British import prices rose in July at the fastest annual pace for five years, after voters’ decision to leave the European Union triggered a sharp fall in the pound.
The rise in import prices may foreshadow a wider pickup in inflation, which Bank of England officials believe could weigh on consumer spending in the year ahead.
The Office for National Statistics said Tuesday that the prices companies pay for metals, oil, food and other materials bought from abroad rose 6.5% on the year in July, the fastest rate of growth since 2011. That pushed up companies’ overall raw material costs by 4.3%, the quickest increase since 2013.
Driving the pickup has been the falling pound. Sterling has declined 13% against the dollar since the shock referendum result, and by 12% when measured against a basket of currencies used by the U.K.’s main trading partners.
The pound’s fall has been a mixed blessing for Steve Brittan, managing director of BSA Technologies Ltd., a Birmingham-based maker of machine tools for the oil and gas industry that can trace its history back to musket-making in the 17th century.
Mr. Brittan said sterling’s slide has made his products more competitive in key export markets such as the U.S. and Mexico.

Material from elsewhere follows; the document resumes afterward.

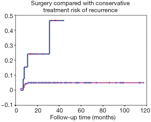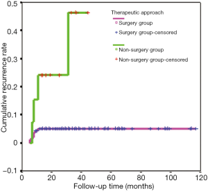 In 178 cases, follow-up visits by consultations lasted for 13 to 117 months, with median of 29 months. In surgery group, eight patients of 164 had relapse of GLM, the cure rate was 95.1% (156/164). In non-surgery group, 14 patients underwent the conservative therapy from 6 to 14 months before clinical cure was obtained, with an median of 8.6 months, and four patients of which got lesion recurred, the cure rate 71.4% (10/14). The clinical cure rate of surgery group was significantly higher than that of non-surgery group, with a significant difference of χ2=11.517, P=0.001. The difference between the two groups was statistically significant by further Spearman’s correlation analysis, r=−0.254, P=0.001 (Table 3). The Kaplan-Meier survival curve of the two types of treatment showed that the relapse of GLM was rarely occurred in the patients undergoing surgical therapy more than 1 year, log rank =11.84, P=0.0006 (Figure 9). The observation of the recurrence cases was not continue in our study.

But he said it has also nudged up his costs, as he sources computer controls and other components for his firm’s products from Europe and Japan.
“The low pound helps us with exports. It doesn’t help us buying in,” he said.

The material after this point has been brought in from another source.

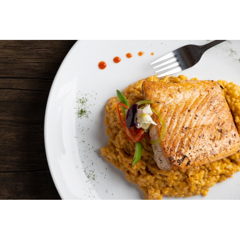 Salmon apanado con salsa anticuchera, acompañado de risotto al aji amarillo y pimentón asados.
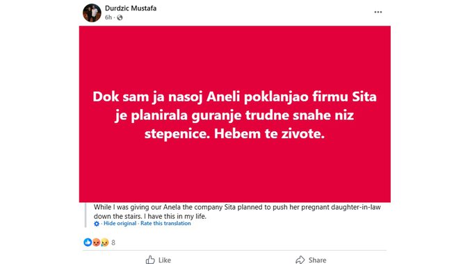 - Dok sam ja našoj Aneli poklanjao firmu, Sita je planirala guranje trudne snahe niz stepenice - napisao je Mustafa.

The rise in import prices led to an increase in the prices charged by companies at the factory gate in July, which rose 0.3% on the year. While small, that is the first increase in wholesale prices in the U.K. since 2014, the ONS said.

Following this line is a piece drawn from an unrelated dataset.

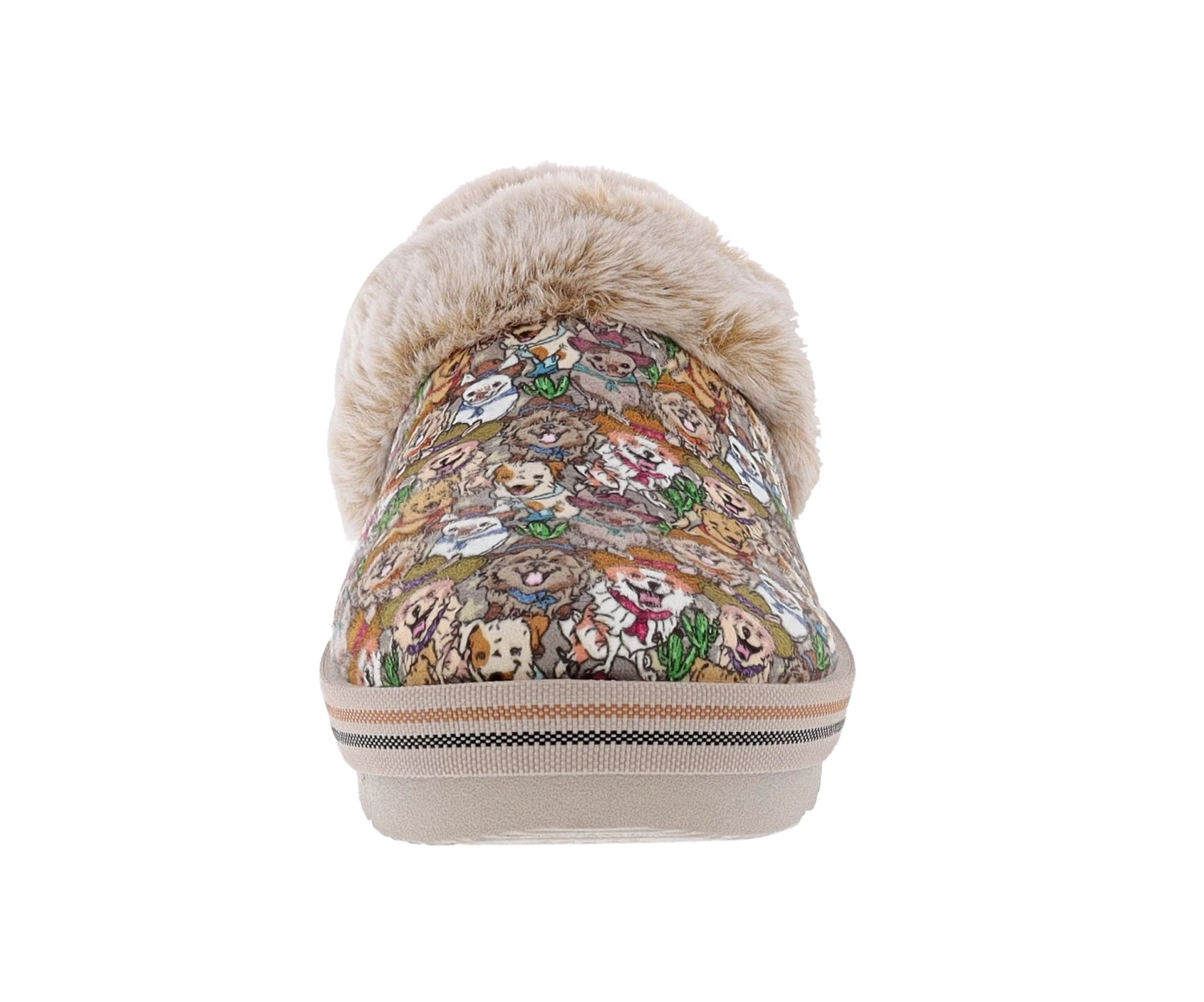 Snuggle up with puppy-soft comfort and style wearing Skechers Hands Free Slip-ins: BOBS from Skechers Cozy Kiss – Doggy Derby. Designed with our Heel Pillow, this indoor/outdoor comfort slipper features a woven fabric upper in an allover dog print, faux-fur trim and lining, plus a cushioned Skechers Memory Foam footbed.

The rise in companies’ costs may eventually feed through to the prices faced by consumers for everyday goods and services, although signs of that were limited in July. Consumer-price inflation rose 0.6% on the year, up from 0.5% in June, the ONS said.
The Bank of England nevertheless expects inflation to accelerate this year and next as the fall in the pound works its way through the economy, driving annual inflation back toward its 2% target in late 2017 and slightly above target in 2018.
The rise in import prices is one of the first pieces of official data covering developments in the economy since the referendum. Further data will be published this week on U.K. retail sales and public finances. Official data for growth in the economy in the third quarter will be published in October.
Surveys and similar gauges of activity have painted a mixed picture of the economy in the wake of the vote. Consumer confidence fell in July, a survey found, but a retailers’ trade group reported that warm weather buoyed spending in stores. Surveys found a decline in business confidence and orders in July but the BOE’s network of regional agents reported that executives were largely sticking with their existing hiring and investment plans.
The BOE cut its benchmark interest rate in August as part of a package of stimulus measures to support the economy. Officials expect the uncertainty triggered by Britain’s decision to exit the EU to weigh on the economy for some time as lawmakers thrash out a new deal between the U.K. and the European Union. The central bank forecasts growth of 0.8% next year, although officials believe the country should avoid recession.